I'm studying for an exam an I came across a problem that I am having difficultly solving.

Let $\mathcal{F}$ is a family of analytic functions on the closed unit disc, $D$.


$\int_{D} |f|^{2} dA \le 1$

for all $f \in \mathcal{F}$.

Can I conclude that $\mathcal{F}$ is locally bounded?

  • $\begingroup$ Consider the family {(2(u-z))^(-1/2) | u > 1, u Real} near the point z = 1. (If I have computed correctly, all integrals are less than 1.) I hope I'm not misleading you, but the intuition behind this suggestion is that these approach a function (when u = 1) which (a) blows up at a boundary point yet (b) whose L2 norm is finite. $\endgroup$ – whuber Oct 6 '10 at 3:22
  • $\begingroup$ See also math.stackexchange.com/questions/33146/…. $\endgroup$ – Jonas Meyer Apr 15 '11 at 20:16

Yes.
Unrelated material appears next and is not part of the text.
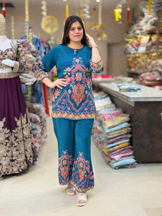 BLUE PURE CREPE CORDSET
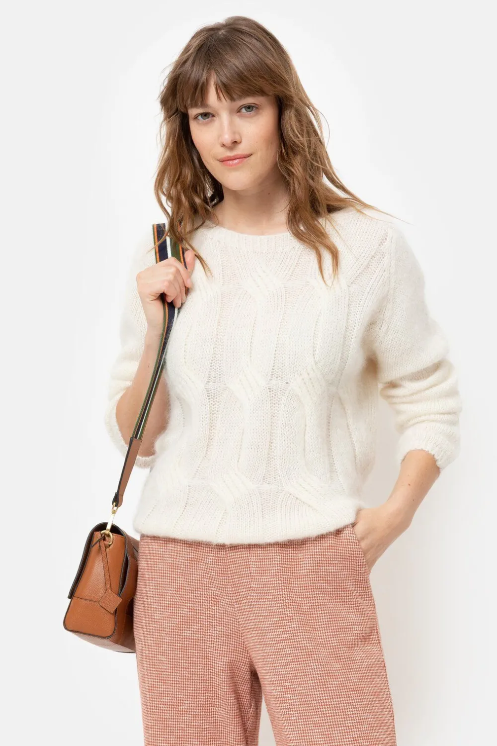 Beige Gebreide Damestrui In O.A. Alpacawol.Een Zachte, Harige Look Met Een Subtiele Kabelsteek.En Een Korte Fit Met Een …

Cauchy's formula states that $$f(z) = \frac{1}{2\pi} \int_{\theta} f(z + re^{i \theta}) d\theta$$ which gives an expression for $f(z)$ in terms of the average around a circle. By integration it follows that $$ f(z) = \frac{1}{r_0^2 \pi} \int_{r \leq r_0, \theta} f(z+re^{i \theta}) r dr d\theta$$ which implies that if the square integral of $f$ is bounded, then (by Cauchy-Schwarz) $f$ is locally bounded by a bound depending on the square integral of $f$ and the circle in question. From this your claim follows.

Basically, the point is that $f$ is the average of its values in a neighborhood. Note that this implies that the space of holomorphic functions in an open set $U$ such that $\int_{U} |f|^2$ is finite is actually a Hilbert space (i.e., complete) under the usual inner product.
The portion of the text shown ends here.